Start of Block

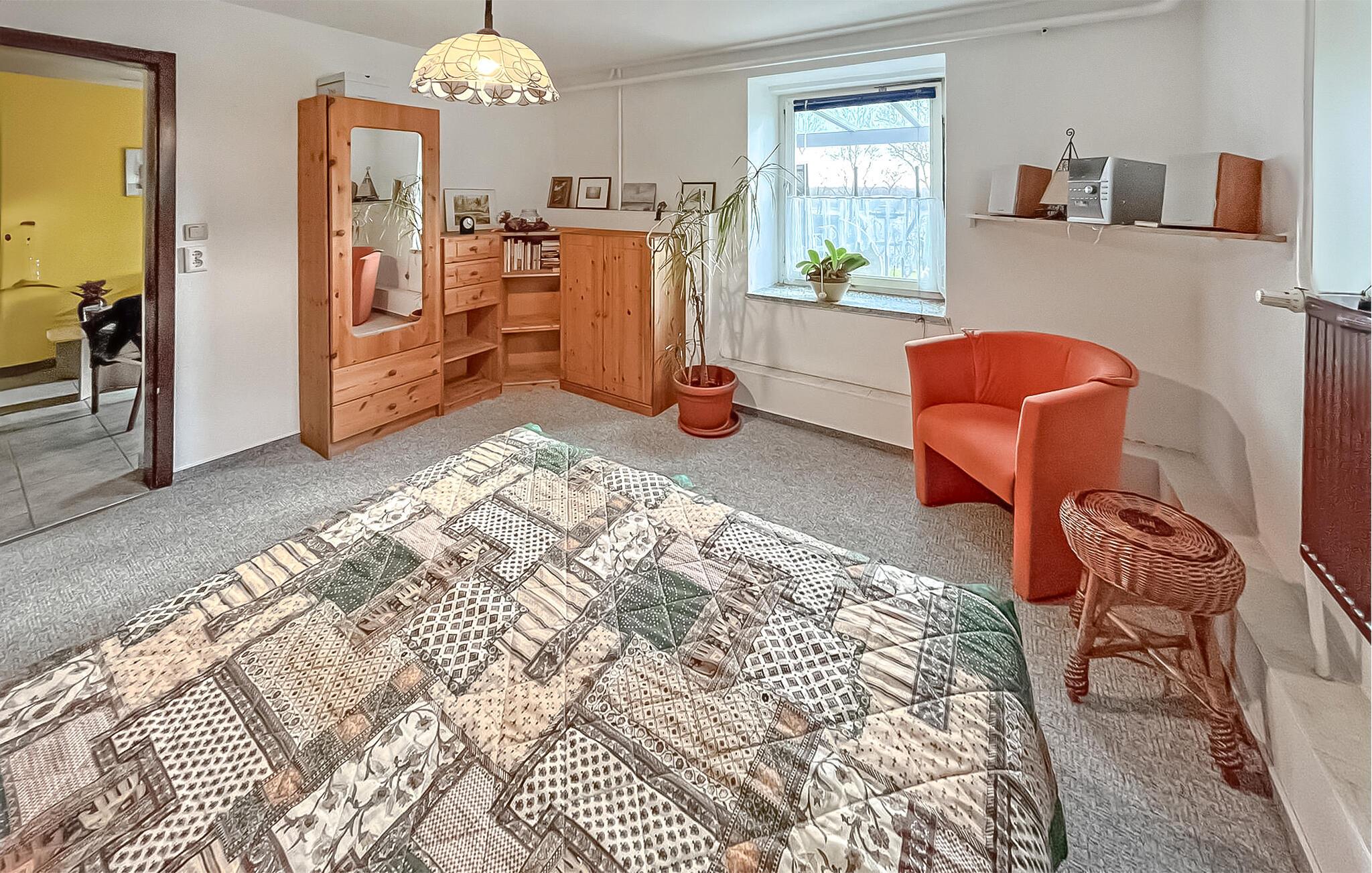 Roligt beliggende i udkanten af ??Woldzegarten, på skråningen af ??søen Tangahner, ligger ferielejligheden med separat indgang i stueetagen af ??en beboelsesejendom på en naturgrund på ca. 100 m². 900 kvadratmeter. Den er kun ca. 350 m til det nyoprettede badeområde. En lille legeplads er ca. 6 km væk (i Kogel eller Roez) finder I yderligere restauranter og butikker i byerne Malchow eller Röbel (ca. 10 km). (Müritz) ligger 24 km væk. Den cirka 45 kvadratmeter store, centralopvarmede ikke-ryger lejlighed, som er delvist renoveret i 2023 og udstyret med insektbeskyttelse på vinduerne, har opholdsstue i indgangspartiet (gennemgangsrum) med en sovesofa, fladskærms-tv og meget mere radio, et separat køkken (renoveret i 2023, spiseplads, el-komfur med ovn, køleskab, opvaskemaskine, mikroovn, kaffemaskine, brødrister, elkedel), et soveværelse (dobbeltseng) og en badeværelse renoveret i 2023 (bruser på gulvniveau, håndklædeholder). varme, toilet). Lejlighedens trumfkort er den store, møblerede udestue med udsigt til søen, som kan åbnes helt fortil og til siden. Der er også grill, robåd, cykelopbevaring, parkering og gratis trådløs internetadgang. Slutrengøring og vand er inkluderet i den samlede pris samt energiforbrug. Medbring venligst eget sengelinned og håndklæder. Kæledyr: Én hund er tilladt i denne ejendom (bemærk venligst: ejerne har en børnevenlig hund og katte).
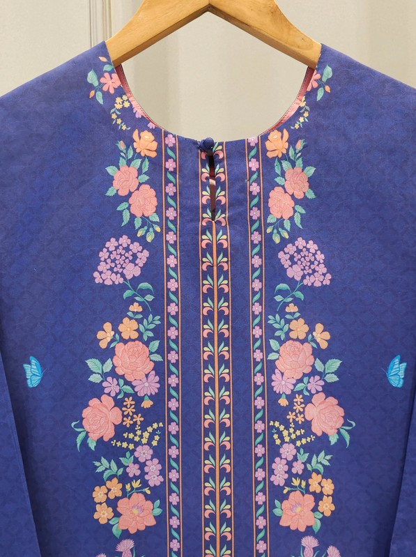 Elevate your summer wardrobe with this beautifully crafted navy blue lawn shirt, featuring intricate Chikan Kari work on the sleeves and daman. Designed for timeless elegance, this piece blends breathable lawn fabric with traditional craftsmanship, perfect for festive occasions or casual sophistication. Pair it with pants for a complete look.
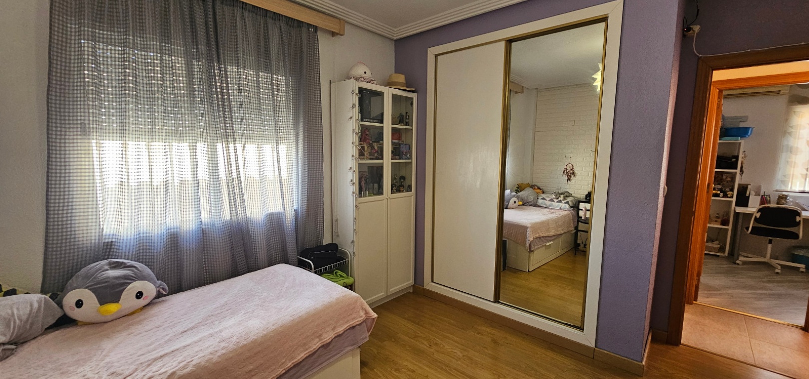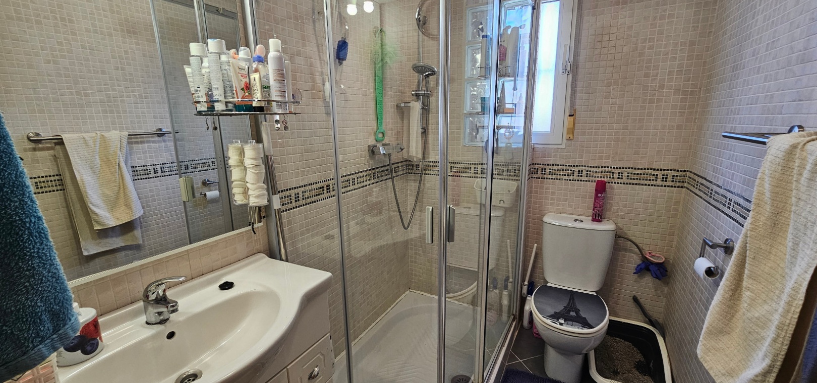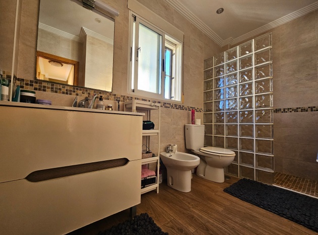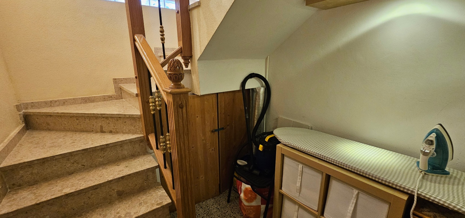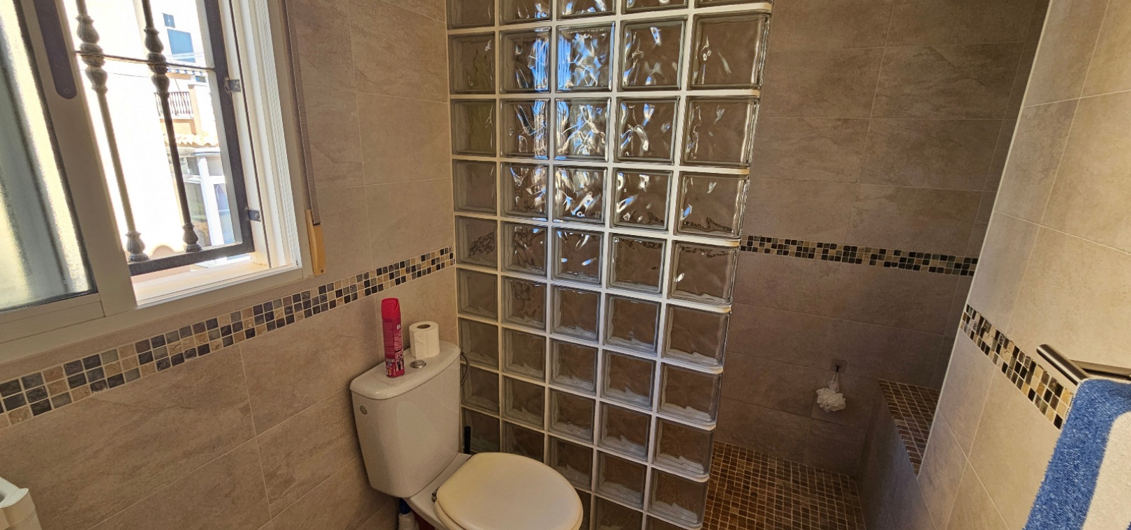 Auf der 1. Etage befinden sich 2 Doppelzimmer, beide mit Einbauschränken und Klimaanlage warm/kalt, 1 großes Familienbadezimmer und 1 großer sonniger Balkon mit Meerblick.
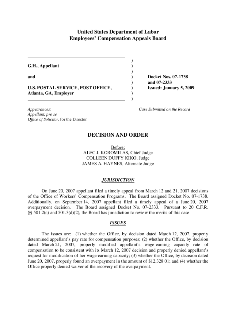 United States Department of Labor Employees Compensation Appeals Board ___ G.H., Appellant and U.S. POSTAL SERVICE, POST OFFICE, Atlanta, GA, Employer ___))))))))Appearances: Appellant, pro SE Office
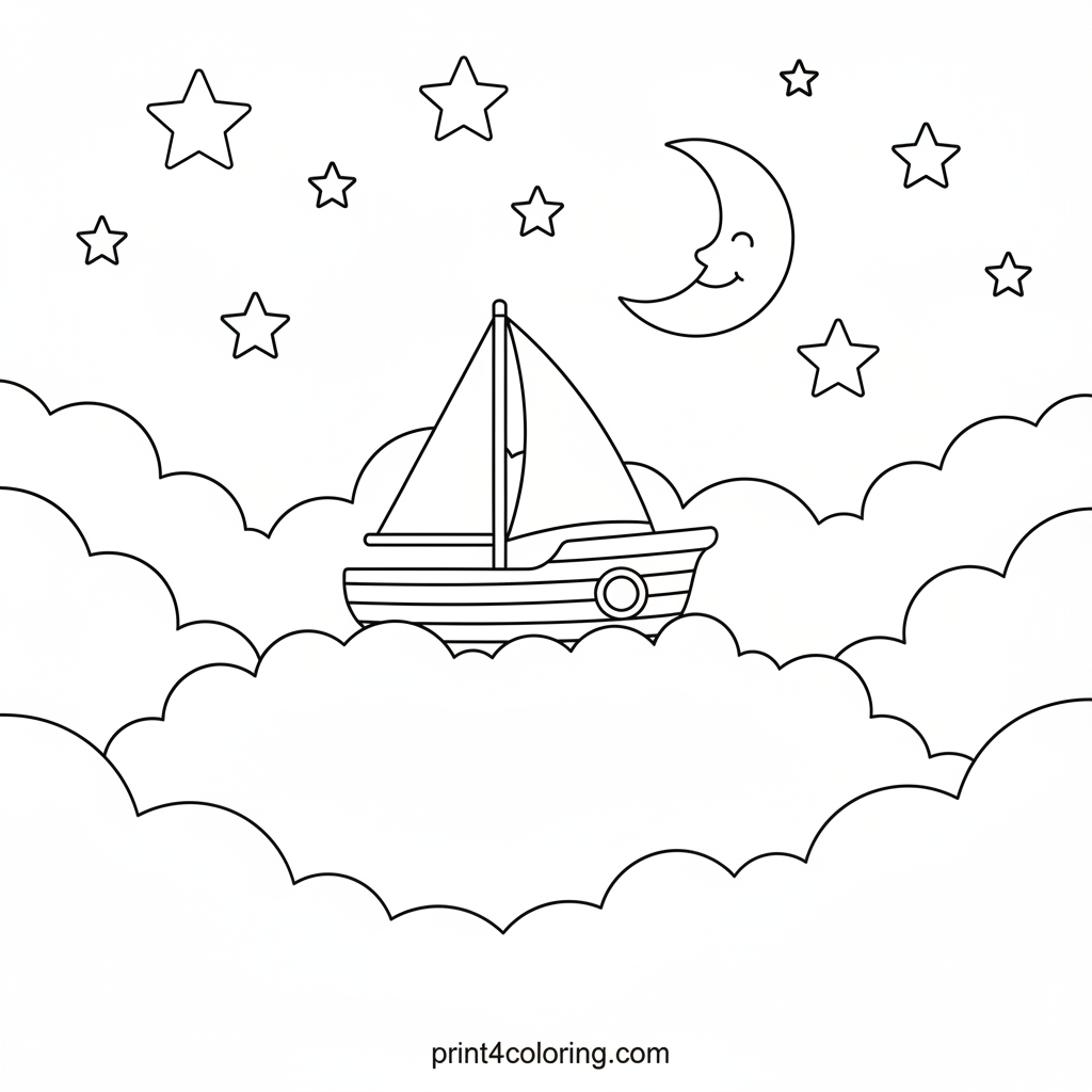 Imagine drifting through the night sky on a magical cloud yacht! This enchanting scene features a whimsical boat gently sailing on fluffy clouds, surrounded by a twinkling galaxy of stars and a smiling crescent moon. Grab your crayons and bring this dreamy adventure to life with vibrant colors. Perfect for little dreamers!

End of Block

PROBLEM REQUIREMENTS:
Repeat the listing verbatim. Skip the pictures.

EXERCISE SOLUTION:
 Roligt beliggende i udkanten af ??Woldzegarten, på skråningen af ??søen Tangahner, ligger ferielejligheden med separat indgang i stueetagen af ??en beboelsesejendom på en naturgrund på ca. 100 m². 900 kvadratmeter. Den er kun ca. 350 m til det nyoprettede badeområde. En lille legeplads er ca. 6 km væk (i Kogel eller Roez) finder I yderligere restauranter og butikker i byerne Malchow eller Röbel (ca. 10 km). (Müritz) ligger 24 km væk. Den cirka 45 kvadratmeter store, centralopvarmede ikke-ryger lejlighed, som er delvist renoveret i 2023 og udstyret med insektbeskyttelse på vinduerne, har opholdsstue i indgangspartiet (gennemgangsrum) med en sovesofa, fladskærms-tv og meget mere radio, et separat køkken (renoveret i 2023, spiseplads, el-komfur med ovn, køleskab, opvaskemaskine, mikroovn, kaffemaskine, brødrister, elkedel), et soveværelse (dobbeltseng) og en badeværelse renoveret i 2023 (bruser på gulvniveau, håndklædeholder). varme, toilet). Lejlighedens trumfkort er den store, møblerede udestue med udsigt til søen, som kan åbnes helt fortil og til siden. Der er også grill, robåd, cykelopbevaring, parkering og gratis trådløs internetadgang. Slutrengøring og vand er inkluderet i den samlede pris samt energiforbrug. Medbring venligst eget sengelinned og håndklæder. Kæledyr: Én hund er tilladt i denne ejendom (bemærk venligst: ejerne har en børnevenlig hund og katte).
 Elevate your summer wardrobe with this beautifully crafted navy blue lawn shirt, featuring intricate Chikan Kari work on the sleeves and daman. Designed for timeless elegance, this piece blends breathable lawn fabric with traditional craftsmanship, perfect for festive occasions or casual sophistication. Pair it with pants for a complete look.
 Auf der 1. Etage befinden sich 2 Doppelzimmer, beide mit Einbauschränken und Klimaanlage warm/kalt, 1 großes Familienbadezimmer und 1 großer sonniger Balkon mit Meerblick.
 United States Department of Labor Employees Compensation Appeals Board ___ G.H., Appellant and U.S. POSTAL SERVICE, POST OFFICE, Atlanta, GA, Employer ___))))))))Appearances: Appellant, pro SE Office
 Imagine drifting through the night sky on a magical cloud yacht! This enchanting scene features a whimsical boat gently sailing on fluffy clouds, surrounded by a twinkling galaxy of stars and a smiling crescent moon. Grab your crayons and bring this dreamy adventure to life with vibrant colors. Perfect for little dreamers!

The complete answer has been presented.